The country pays US$25million monthly for unused power, as existing Power Purchase Agreements (PPA) enjoin the state to pay for all megawatts produced whether they are consumed or not, Energy Minister John Peter Amewu has told Parliament.

Speaking on the floor of Parliament on Friday, March 15, 2019, the sector minister said: “The issue of ‘take or pay’ without considering what Ghanaians will pay is gone. Under this president’s watch, we are beginning to consider a regime of ‘take and pay’. You cannot continue to pay for goods and services that you are not consuming; that era has gone”.

According to him, due to the numerous PPAs, the country has been saddled with overcapacity payments averaging about US$25million monthly.
To minimise this, he said, “We are engaging in renegotiating the PPAs to bring these costs down to the barest minimum in the interim.

“We believe that the issue of take and pay must begin to trickle down to every Ghanaian. We will continue to make sure that the highly excessive regime of tariffs being imposed will no longer be witnessed by any Ghanaian.”
Gas purchase agreements have been signed without considering what the benefit will be, and this government has taken the trouble to negotiate the OTCP price – with the price brought down to a margin of US$2. That translates to about US$50million relief per annum for the consuming public, the minister noted.

Ghana’s power system experienced a number of network disturbances between March 12 and 13, 2019 – which resulted in the interruption of power supply to customers. The disturbances were due to challenges at the newly-commissioned Accra Central substation.

In his statement, he indicated that these challenges have occurred when there is already an on-going five-day outage that has been imposed on the 330kV transmission line between Tema and Aboadze for relocation of two towers on the line, at the request of the Ghana Highway Authority to enable construction of a new interchange at Pokuase.

“The fundamental cause of the blackout is the ongoing construction of the road interchange at Pokuase, which has necessitated the diversion of GRIDCo’s 330kV transmission line towers that run from Tema to Aboadze in the vicinity.
“This requires creating an outage of the entire line to undertake the diversion,” he said.
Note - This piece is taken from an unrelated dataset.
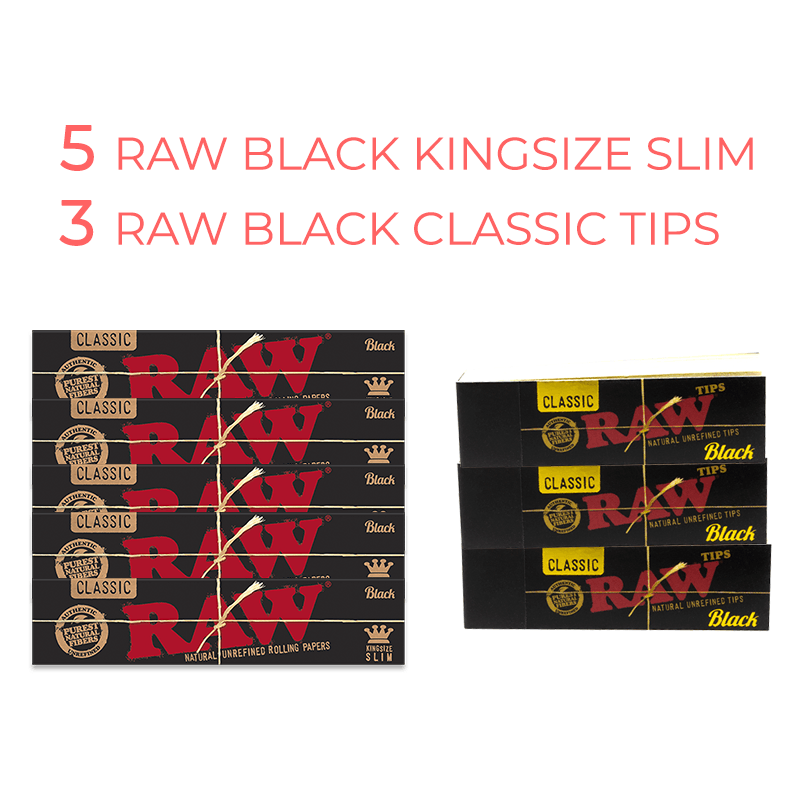 5x RAW Black Kingsize + 3x RAW Black Tips
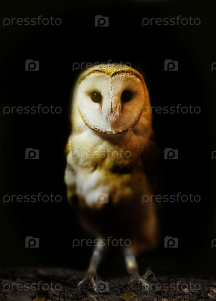 Портрет сипухи с черным фоном. Неглубокая глубина резкости (мягкий фокус на голове совы)

The power system of Ghana has an installed generation capacity of 4,775MW. Available generating capacity is 2,641 MV currently, with the maximum peak demand recorded so far in 2019 at around 2,600MW.

It is expected that when some unavailable plants are brought back into operation, the quantum of available capacity will increase.
“For the power system to function effectively, all the components in the value chain – namely generation, transmission and distribution – must be in good shape.
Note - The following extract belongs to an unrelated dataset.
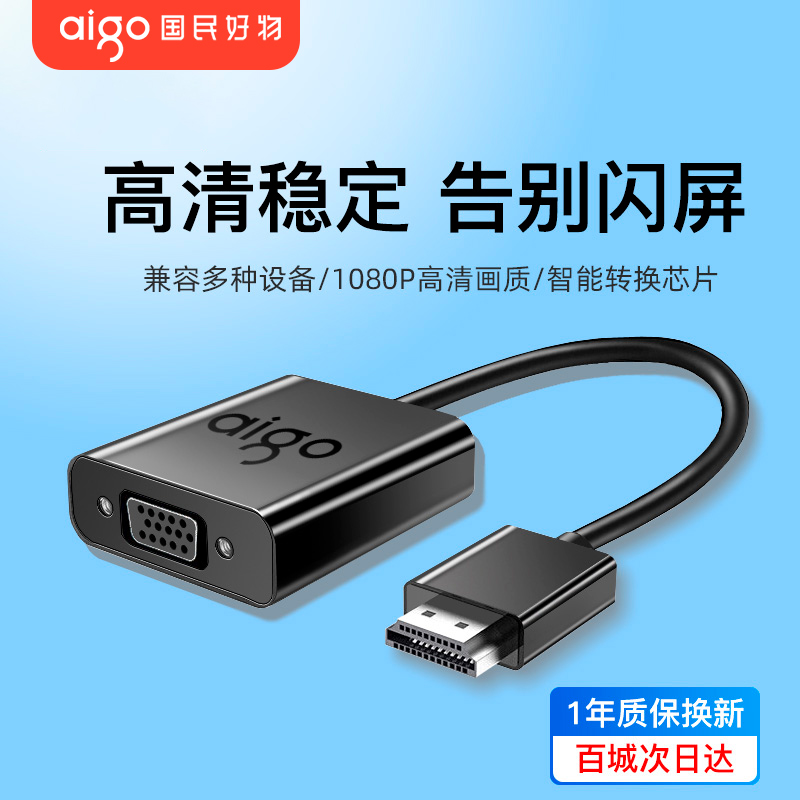 爱国者HDMI转VGA转接线笔记本电脑转换器显示屏投影仪高清连接线

Therefore, you may have enough available capacity, but if the transmission system experiences a challenge, just like we witnessed in the past few days, we occasionally experience temporary outages. This is also true if the transmission system is intact but faces inadequate generation.”

The private sector participation in ECG that is meant to bring about improvement in the distribution subsector became effective on March 1, 2029, with the concessionaire, Power Distribution Service (Gh) Limited, taking over the assets and operations of ECG for a period of 20 years.
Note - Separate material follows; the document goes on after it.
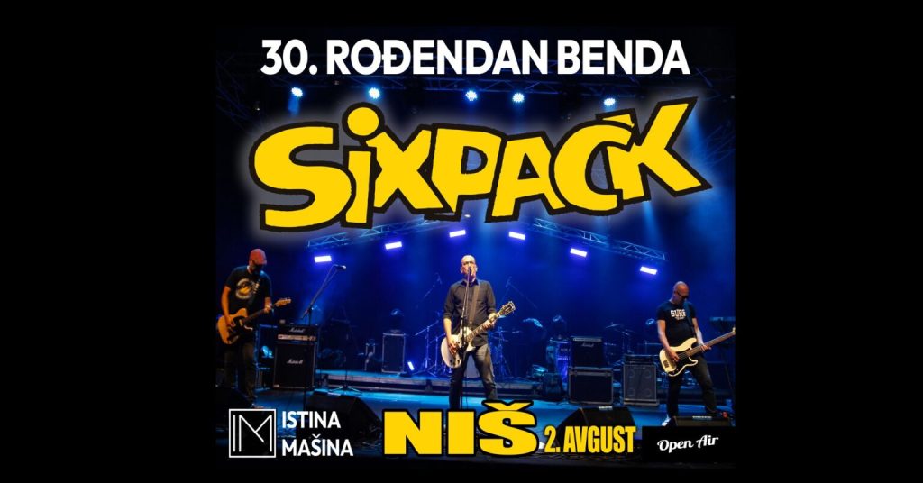 Posle uspešnih letnjih festivalskih nastupa i velikih rođendanskih koncerata u Beogradu i Zagrebu, kultni punk sastav Six Pack nastavlja proslavu 30 godina postojanja – ovoga puta u Nišu. Koncert će biti održan u subotu, 2. avgusta, u bašti kluba Istina Mašina.

To reduce dependence on liquid fuels and their attendant costs, the Offshore Cape Three Points (OCTP) Sankofa project was developed to utilise gas for power generation as a cheaper and cleaner substitute for liquid fuels.

“The OCTP Sankofa gas is ready, but the facilities to offtake the gas are not. We are currently making efforts to relocate the 450MW Karpowership, currently at Tema and running on Heavy Fuel Oil (HFO), to Sekondi and enable an offtake of 90MMbtu per day – representing about 50% of OCTP gas production.

“This will minimise onerous potential ‘take or pay’ obligations to GNPC and government under the OCTP agreement,” he noted.
The movement of the 450MW Karpowership from Tema to Sekondi-Takoradi will lead to the avoidance of gas transportation cost of US$1,68/MMbtu.

That is, US$55million per annum the country would have paid for the transportation of gas.
In spite of the minister’s statement, the Member of Parliament for Yapei Kusawgu-John Jinapor, maintained that the power sector as it stands now is financially bankrupt; and that the current debt overhang stands at GH₵13billion.

These debts are mainly owed to GRIDCo and the Volta River Authority.
He indicated that government is moving to renegotiate a new power purchase agreement, the ‘take and pay’ arrangement which is expected to be more cost-effective, Energy Minister John Peter Amewu has told parliament.

The Energy Minister has accused the previous NDC government of arranging a ‘take or pay’ agreement which he says has incurred more cost to the country.